Achim und Monsieur Heure d´école kämpften um jede Sekunde. Achim konnte spüren, wie diese aus dem ihm verbleibenden Leben herausgerissen wurden. Alles wehren half nichts. Das Wesen nahm sich einfach, was ihm gehörte, und machte kurzen Prozess mit dem Schüler. Die Zeiger trieben in seinen Leib, stießen vor und zurück, und wanderten über Stunden und Tage hinweg – so schien es Achim – in seinem geöffneten Leib umher. Ein Ziehen zeugte davon, das wieder eine Sekunde seines Lebens verronnen war, und ein Stechen quittierte die Minuten. Die Stunden nahm Achim als heftiges Rütteln wahr, und die Tage als stampfen im Inneren seiner Eingeweide. Die Wochen seines Lebens verstrichen binnen weniger Herzschläge, und als die Lebensjahre an ihm vorbeizogen, wusste er, dass er nicht alt geworden wäre.
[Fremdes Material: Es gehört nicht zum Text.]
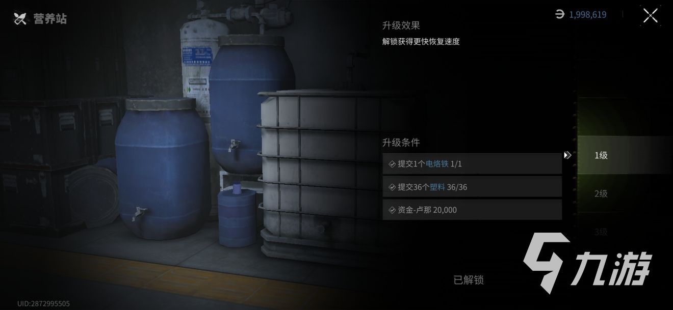 營(yíng)養(yǎng)站,有3級(jí),對(duì)應(yīng)電洛鐵1/2/3,塑料36/72/108,盧娜2萬(wàn)/5萬(wàn),其中2級(jí)和3級(jí)的營(yíng)養(yǎng)站需要安保達(dá)到對(duì)應(yīng)等級(jí)。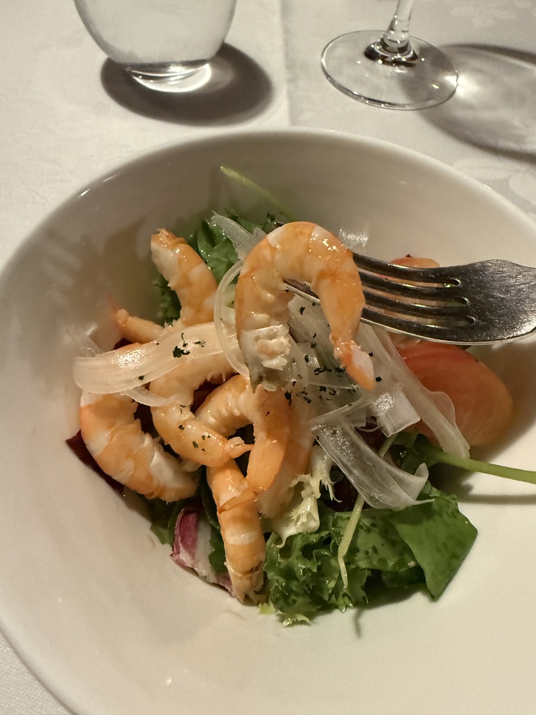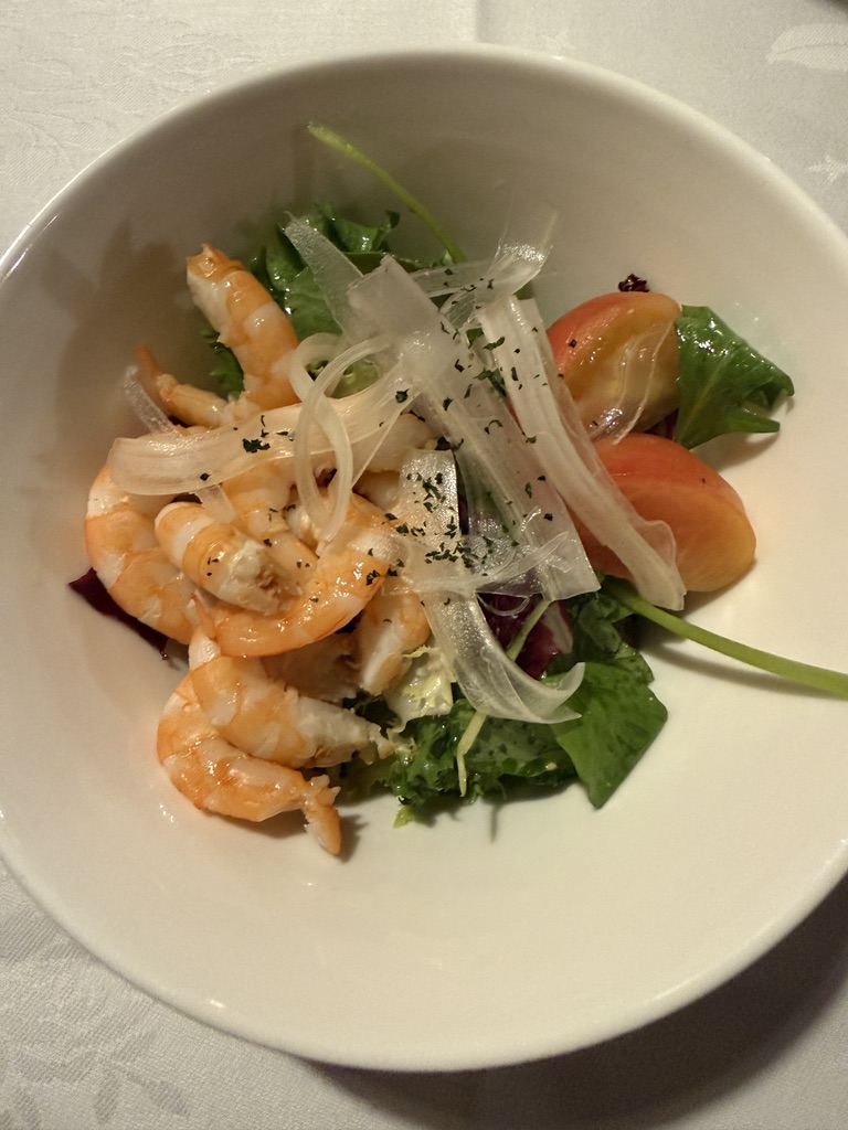 お次はサラダ。明石でとれた海老を使ったサラダ。

Aufgeweicht und fortgespült, vom Regen reingewaschen, von der Kälte zerfressen und vom mächtigen Gegenwind hinfortgeweht ... das war Achims Schicksal, dem er nicht entfliehen konnte. Monsieur Heure d’école erfreute sich an all seinen Herzschlägen. Und als sein letzter Schlag erklang, wusste Achim, dass er bereits vergangen war.
Danach begann die Armbanduhr auf dem Handrücken des Leichnams wieder gleichmäßig zu laufen.
Sogar die Richtung stimmte.
Die Zeit kam gut voran. Trotz des Gegenwindes.